_Problem requirements_:
Each image should be skipped while the records are restated word for word.

_Data excerpts_:

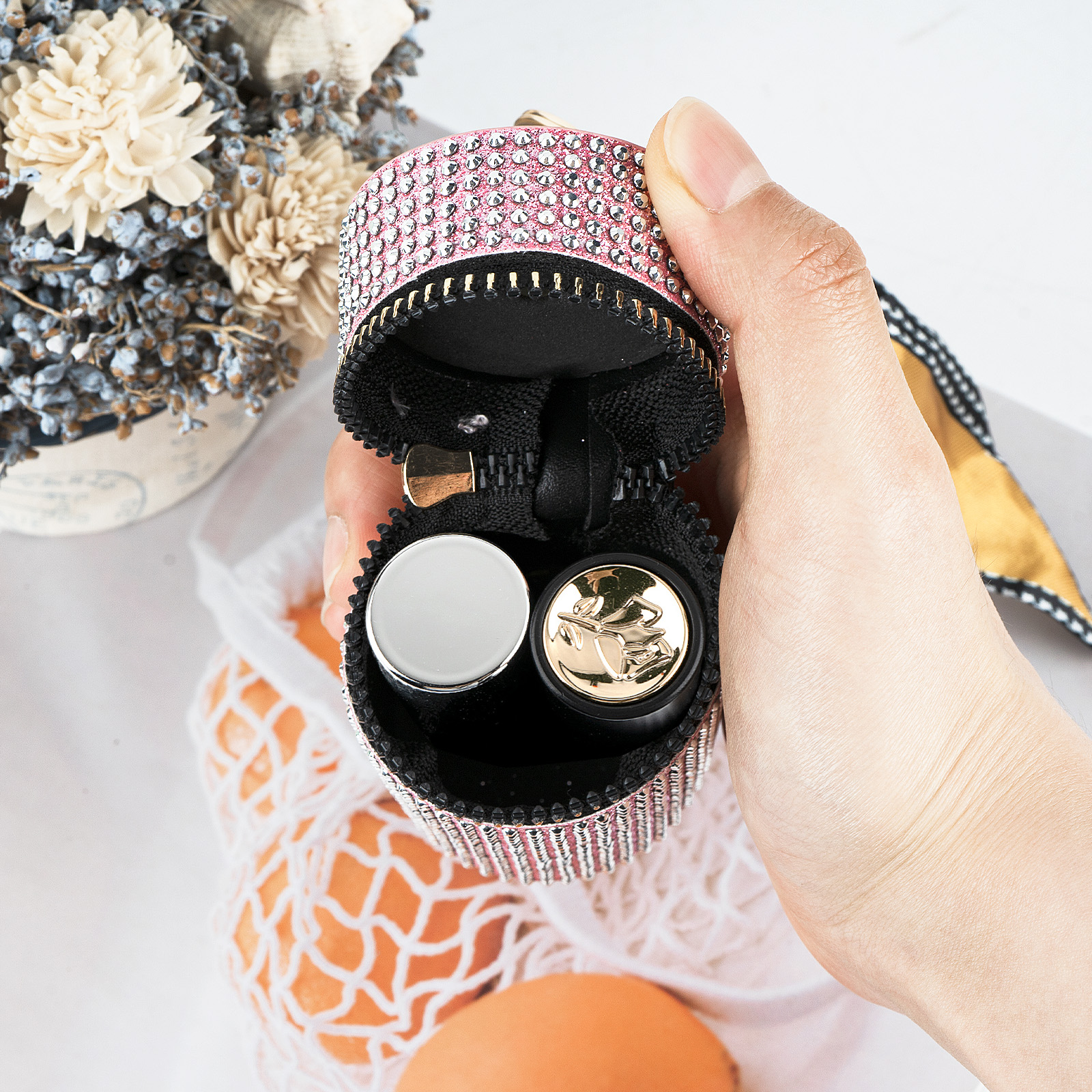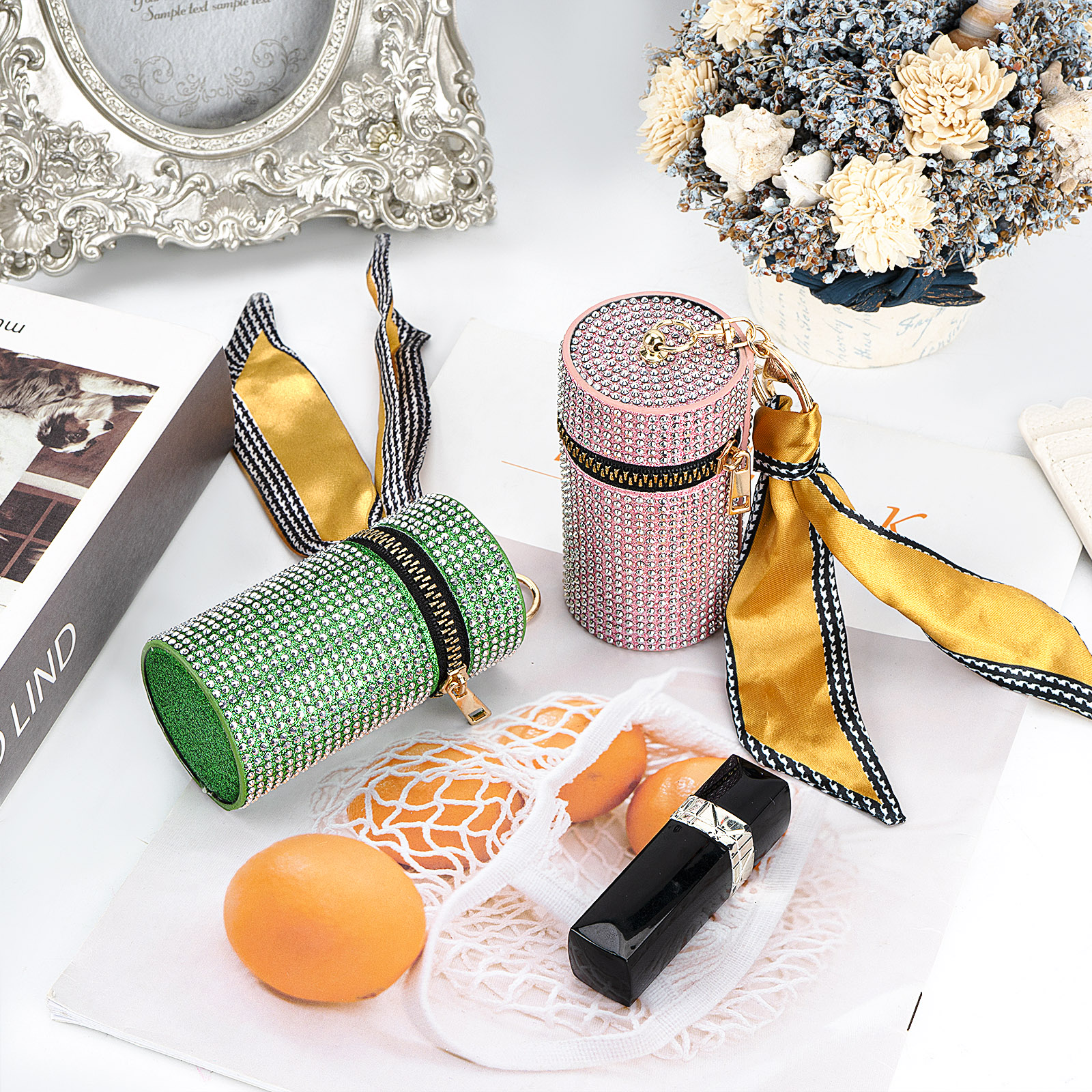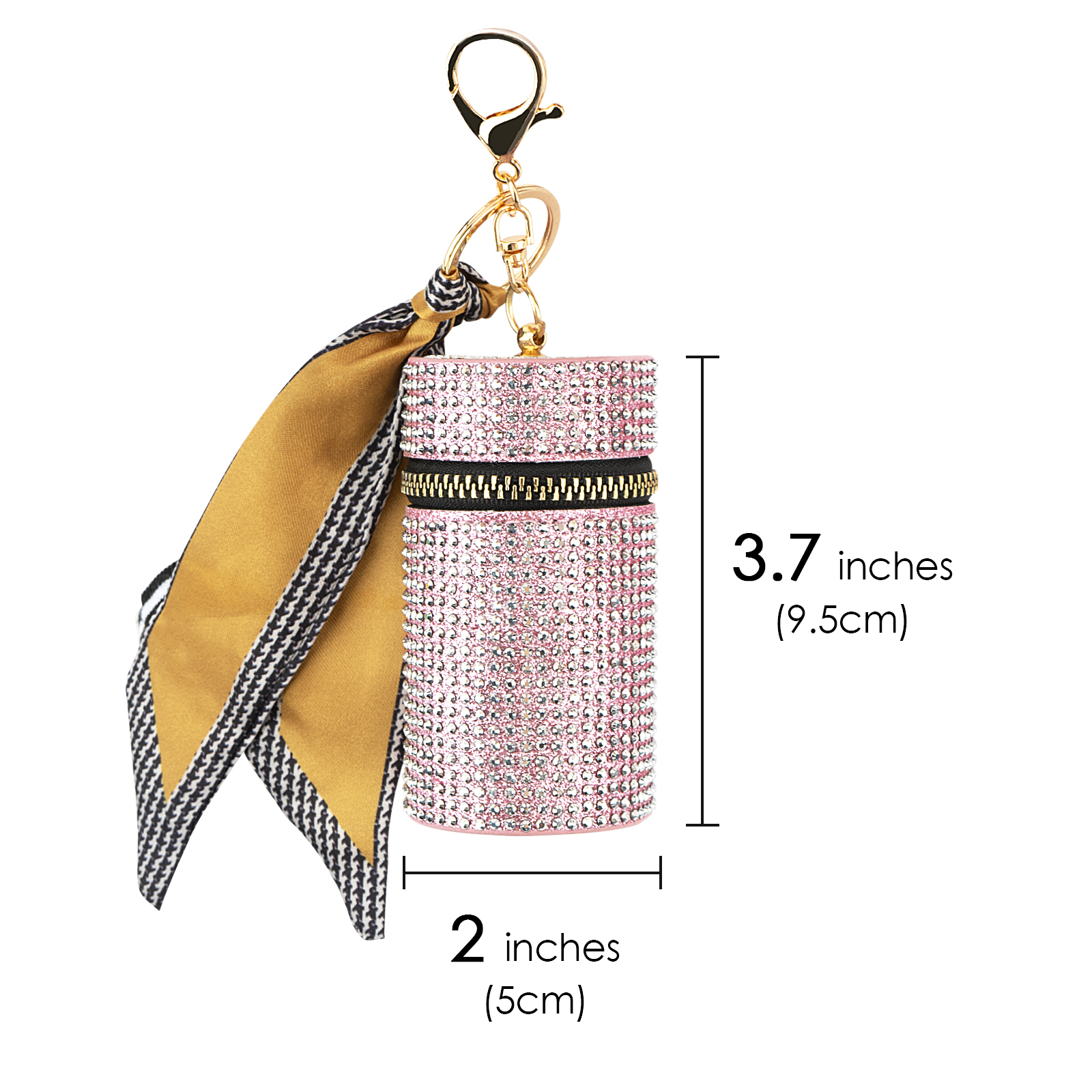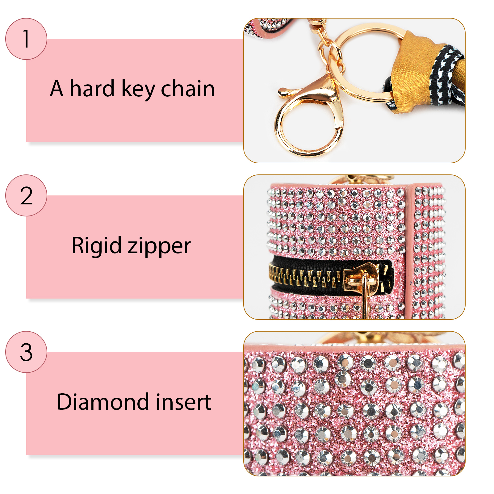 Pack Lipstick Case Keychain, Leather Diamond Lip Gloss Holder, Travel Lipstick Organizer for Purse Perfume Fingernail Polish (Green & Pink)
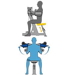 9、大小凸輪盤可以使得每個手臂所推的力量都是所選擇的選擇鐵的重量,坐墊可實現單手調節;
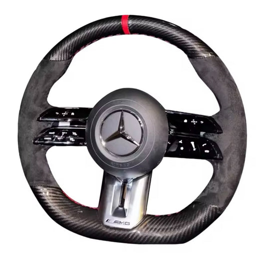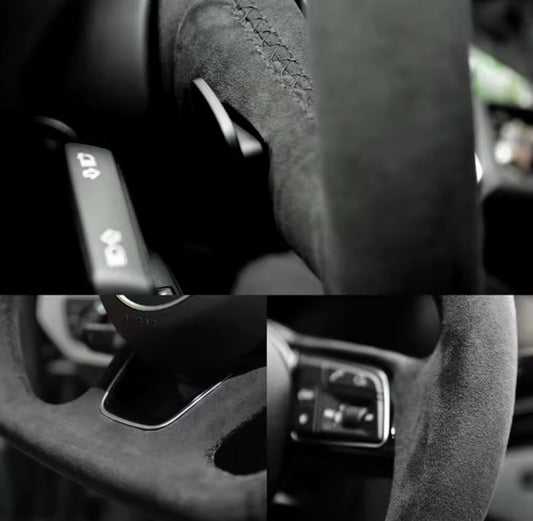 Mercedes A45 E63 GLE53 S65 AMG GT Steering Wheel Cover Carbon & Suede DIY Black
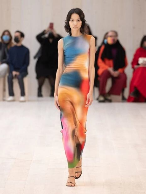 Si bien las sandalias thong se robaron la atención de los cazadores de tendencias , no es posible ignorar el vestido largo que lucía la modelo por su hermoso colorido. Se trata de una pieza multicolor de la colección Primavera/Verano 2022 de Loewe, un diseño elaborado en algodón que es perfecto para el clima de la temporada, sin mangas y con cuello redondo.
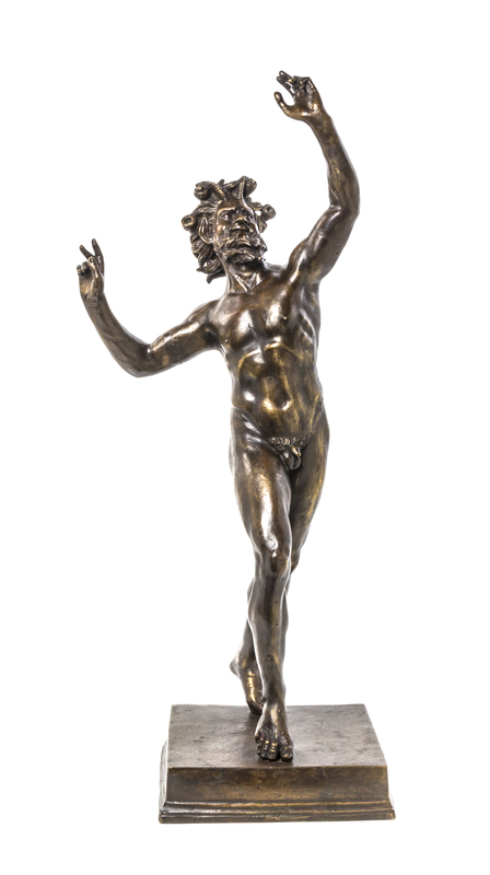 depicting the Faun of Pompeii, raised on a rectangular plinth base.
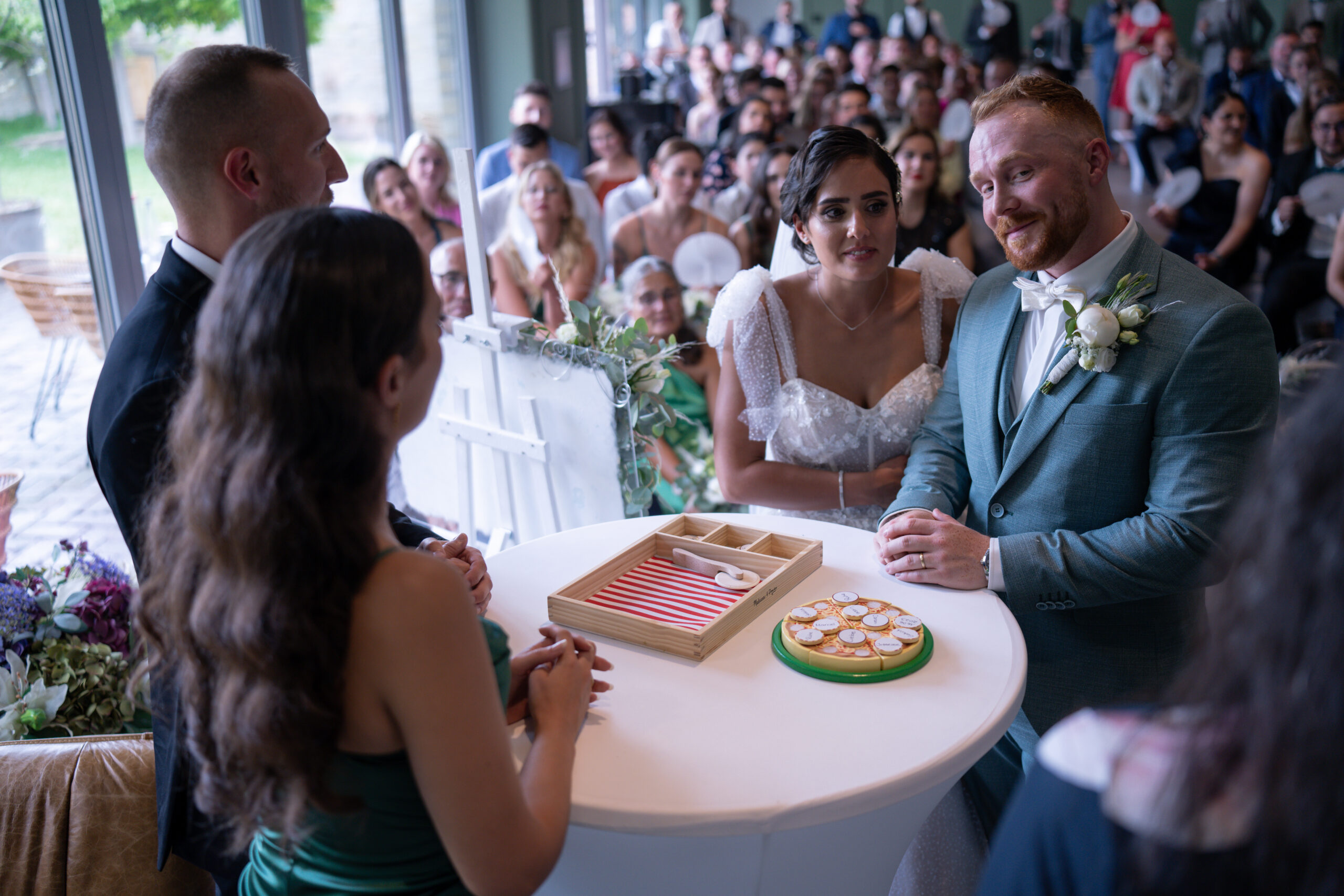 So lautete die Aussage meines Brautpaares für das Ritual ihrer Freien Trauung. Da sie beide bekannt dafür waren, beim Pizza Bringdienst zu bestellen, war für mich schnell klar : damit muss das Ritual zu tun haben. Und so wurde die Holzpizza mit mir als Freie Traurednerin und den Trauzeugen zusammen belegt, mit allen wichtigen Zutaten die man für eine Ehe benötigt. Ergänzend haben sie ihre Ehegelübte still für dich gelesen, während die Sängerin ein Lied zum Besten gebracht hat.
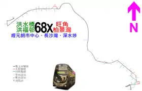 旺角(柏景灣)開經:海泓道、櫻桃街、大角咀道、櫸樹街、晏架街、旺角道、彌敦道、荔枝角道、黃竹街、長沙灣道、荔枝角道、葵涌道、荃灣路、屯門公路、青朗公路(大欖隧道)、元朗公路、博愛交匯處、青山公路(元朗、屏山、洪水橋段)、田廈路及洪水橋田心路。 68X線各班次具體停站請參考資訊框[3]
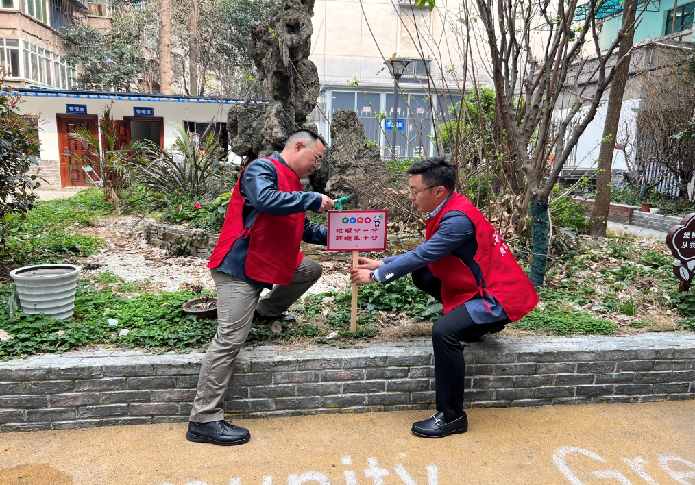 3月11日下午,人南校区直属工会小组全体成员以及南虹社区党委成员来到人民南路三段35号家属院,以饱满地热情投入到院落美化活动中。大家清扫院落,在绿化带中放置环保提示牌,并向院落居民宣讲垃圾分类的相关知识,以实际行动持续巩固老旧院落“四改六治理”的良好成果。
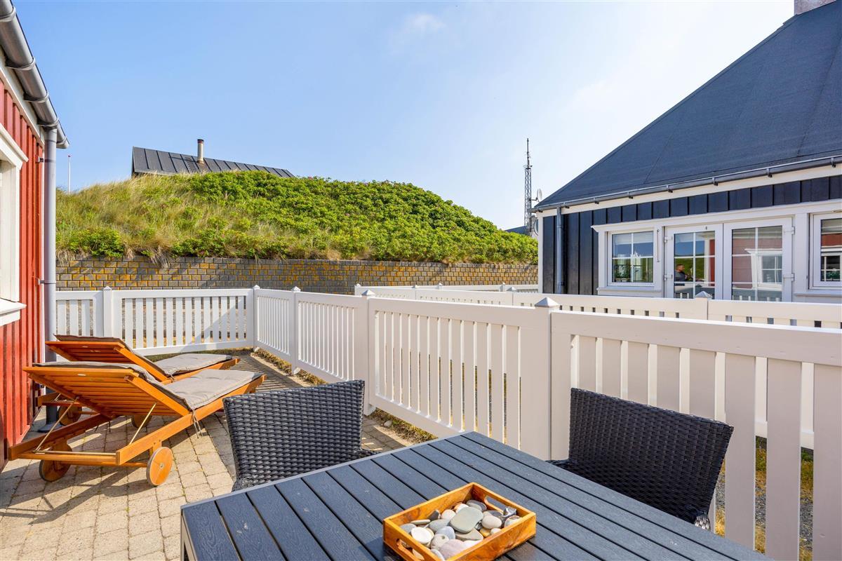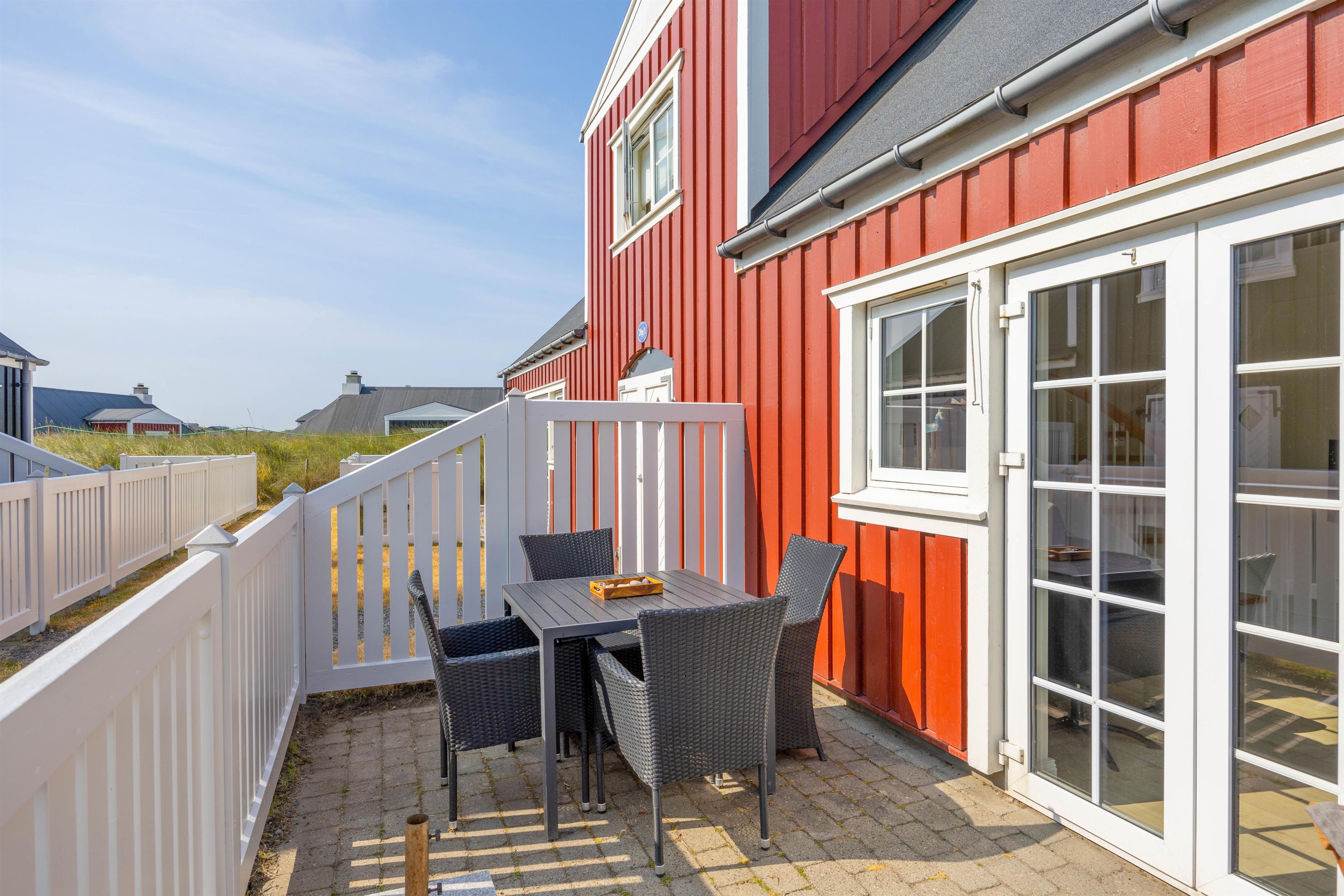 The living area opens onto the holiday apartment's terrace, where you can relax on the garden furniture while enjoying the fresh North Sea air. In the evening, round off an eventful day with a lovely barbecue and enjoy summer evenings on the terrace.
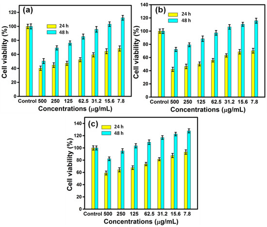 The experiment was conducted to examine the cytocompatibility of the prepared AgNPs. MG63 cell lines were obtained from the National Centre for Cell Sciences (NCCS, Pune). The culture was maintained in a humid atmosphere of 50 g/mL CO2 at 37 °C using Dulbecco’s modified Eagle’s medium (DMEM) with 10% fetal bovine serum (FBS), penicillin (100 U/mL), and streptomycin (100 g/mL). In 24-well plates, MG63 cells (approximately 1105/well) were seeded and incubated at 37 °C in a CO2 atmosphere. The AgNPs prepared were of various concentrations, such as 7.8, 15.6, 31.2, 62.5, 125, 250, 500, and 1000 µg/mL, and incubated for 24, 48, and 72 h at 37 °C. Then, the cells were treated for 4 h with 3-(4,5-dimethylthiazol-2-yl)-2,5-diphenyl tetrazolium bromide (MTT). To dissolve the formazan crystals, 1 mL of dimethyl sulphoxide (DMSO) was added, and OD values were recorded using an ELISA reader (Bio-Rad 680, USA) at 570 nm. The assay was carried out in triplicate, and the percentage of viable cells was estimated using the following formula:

_Answer_:
 Pack Lipstick Case Keychain, Leather Diamond Lip Gloss Holder, Travel Lipstick Organizer for Purse Perfume Fingernail Polish (Green & Pink)
 9、大小凸輪盤可以使得每個手臂所推的力量都是所選擇的選擇鐵的重量,坐墊可實現單手調節;
 Mercedes A45 E63 GLE53 S65 AMG GT Steering Wheel Cover Carbon & Suede DIY Black
 Si bien las sandalias thong se robaron la atención de los cazadores de tendencias , no es posible ignorar el vestido largo que lucía la modelo por su hermoso colorido. Se trata de una pieza multicolor de la colección Primavera/Verano 2022 de Loewe, un diseño elaborado en algodón que es perfecto para el clima de la temporada, sin mangas y con cuello redondo.
 depicting the Faun of Pompeii, raised on a rectangular plinth base.
 So lautete die Aussage meines Brautpaares für das Ritual ihrer Freien Trauung. Da sie beide bekannt dafür waren, beim Pizza Bringdienst zu bestellen, war für mich schnell klar : damit muss das Ritual zu tun haben. Und so wurde die Holzpizza mit mir als Freie Traurednerin und den Trauzeugen zusammen belegt, mit allen wichtigen Zutaten die man für eine Ehe benötigt. Ergänzend haben sie ihre Ehegelübte still für dich gelesen, während die Sängerin ein Lied zum Besten gebracht hat.
 旺角(柏景灣)開經:海泓道、櫻桃街、大角咀道、櫸樹街、晏架街、旺角道、彌敦道、荔枝角道、黃竹街、長沙灣道、荔枝角道、葵涌道、荃灣路、屯門公路、青朗公路(大欖隧道)、元朗公路、博愛交匯處、青山公路(元朗、屏山、洪水橋段)、田廈路及洪水橋田心路。 68X線各班次具體停站請參考資訊框[3]
 3月11日下午,人南校区直属工会小组全体成员以及南虹社区党委成员来到人民南路三段35号家属院,以饱满地热情投入到院落美化活动中。大家清扫院落,在绿化带中放置环保提示牌,并向院落居民宣讲垃圾分类的相关知识,以实际行动持续巩固老旧院落“四改六治理”的良好成果。
 The living area opens onto the holiday apartment's terrace, where you can relax on the garden furniture while enjoying the fresh North Sea air. In the evening, round off an eventful day with a lovely barbecue and enjoy summer evenings on the terrace.
 The experiment was conducted to examine the cytocompatibility of the prepared AgNPs. MG63 cell lines were obtained from the National Centre for Cell Sciences (NCCS, Pune). The culture was maintained in a humid atmosphere of 50 g/mL CO2 at 37 °C using Dulbecco’s modified Eagle’s medium (DMEM) with 10% fetal bovine serum (FBS), penicillin (100 U/mL), and streptomycin (100 g/mL). In 24-well plates, MG63 cells (approximately 1105/well) were seeded and incubated at 37 °C in a CO2 atmosphere. The AgNPs prepared were of various concentrations, such as 7.8, 15.6, 31.2, 62.5, 125, 250, 500, and 1000 µg/mL, and incubated for 24, 48, and 72 h at 37 °C. Then, the cells were treated for 4 h with 3-(4,5-dimethylthiazol-2-yl)-2,5-diphenyl tetrazolium bromide (MTT). To dissolve the formazan crystals, 1 mL of dimethyl sulphoxide (DMSO) was added, and OD values were recorded using an ELISA reader (Bio-Rad 680, USA) at 570 nm. The assay was carried out in triplicate, and the percentage of viable cells was estimated using the following formula:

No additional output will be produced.